[Data for analysis Boundary: Start]

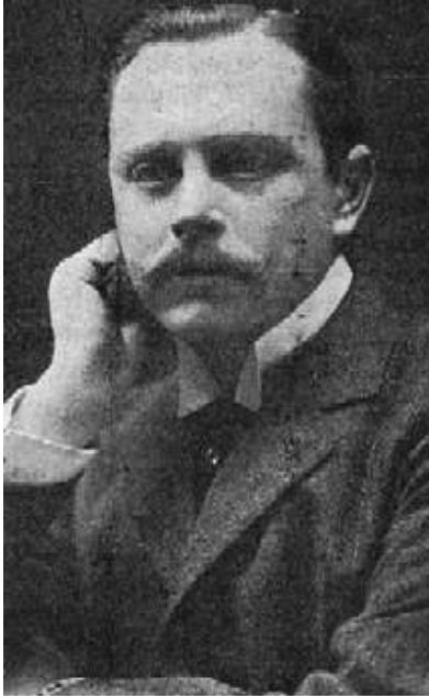
Princ Pierre d'Arenberg, rok 1909 prezident Casting-Club de France

Rybolovná technika se objevuje v 19. století, kdy se muškaření stává velice populárním způsobem rekreačního rybaření. Na rybářských veletrzích se pořádaly akce, na kterých se muškaření předvádělo. Zanedlouho byl první závod na světě. V severní Americe se závody konaly pravidelně již od roku 1861. Anglie Ameriku následovala, v roce 1881 dokonce proběhla první národní soutěž. První celostátní soutěž v Americe se uskutečnila v roce 1893.
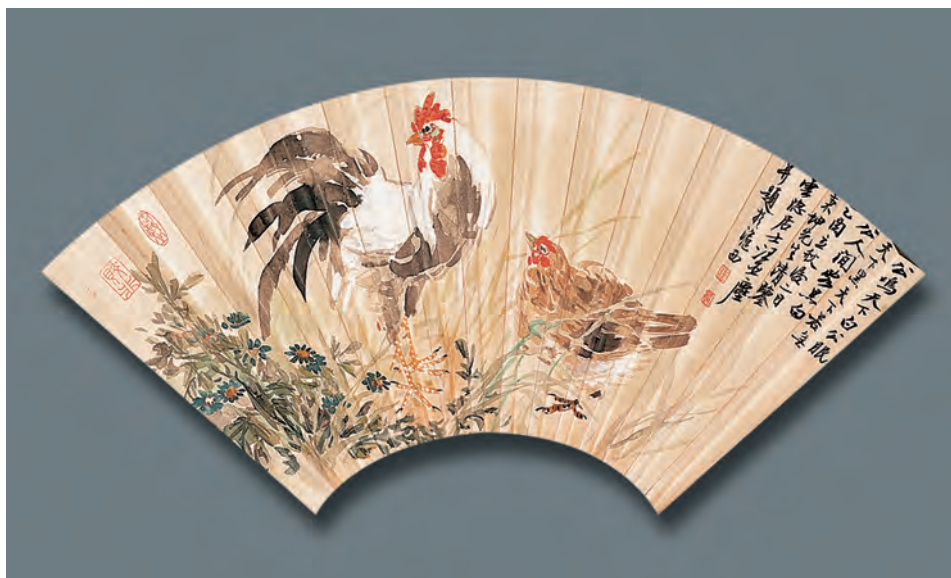
民國 汪亞塵 雙雞及徵仲詩 扇面
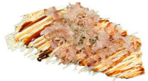
ソースマヨ(おみ焼き)
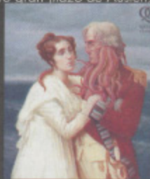
SENSE AND SENSIBILITY AND SEA MONSTERS
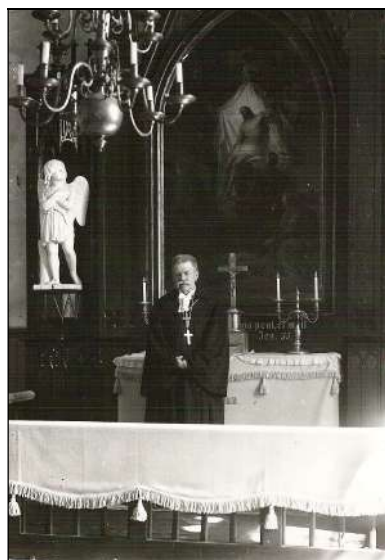
Kadrina pastor aastail 1919-1941

Tema eluteest räägib lähemalt trükis A-534 2004
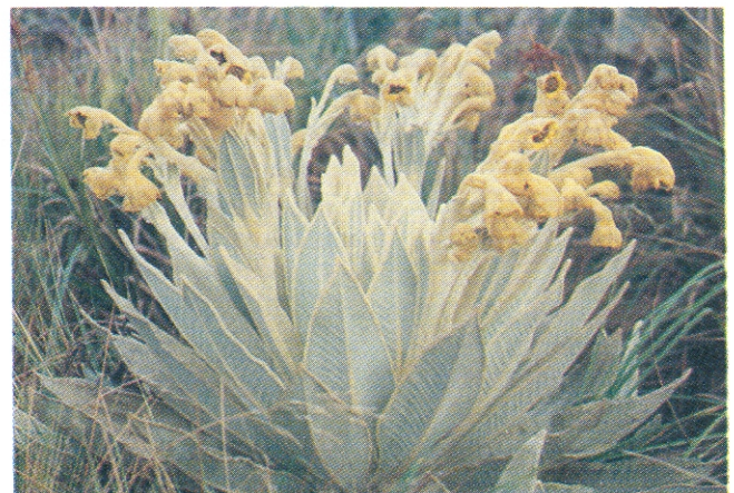
Figura 3. Espeletia marnixiana S. Díaz & Pedraza. Marnix L. Becking 1042 (Holotypus: COL [356212]).

[Data for analysis Boundary: End]

> [Assigned task]:
Retype the line containing "SENSE AND SENSIBILITY AND SEA MONSTERS" and all lines after it through the end of the material, exactly and only those, leaving out pictures.

> [Solution for this task]:
SENSE AND SENSIBILITY AND SEA MONSTERS
Kadrina pastor aastail 1919-1941

Tema eluteest räägib lähemalt trükis A-534 2004
Figura 3. Espeletia marnixiana S. Díaz & Pedraza. Marnix L. Becking 1042 (Holotypus: COL [356212]).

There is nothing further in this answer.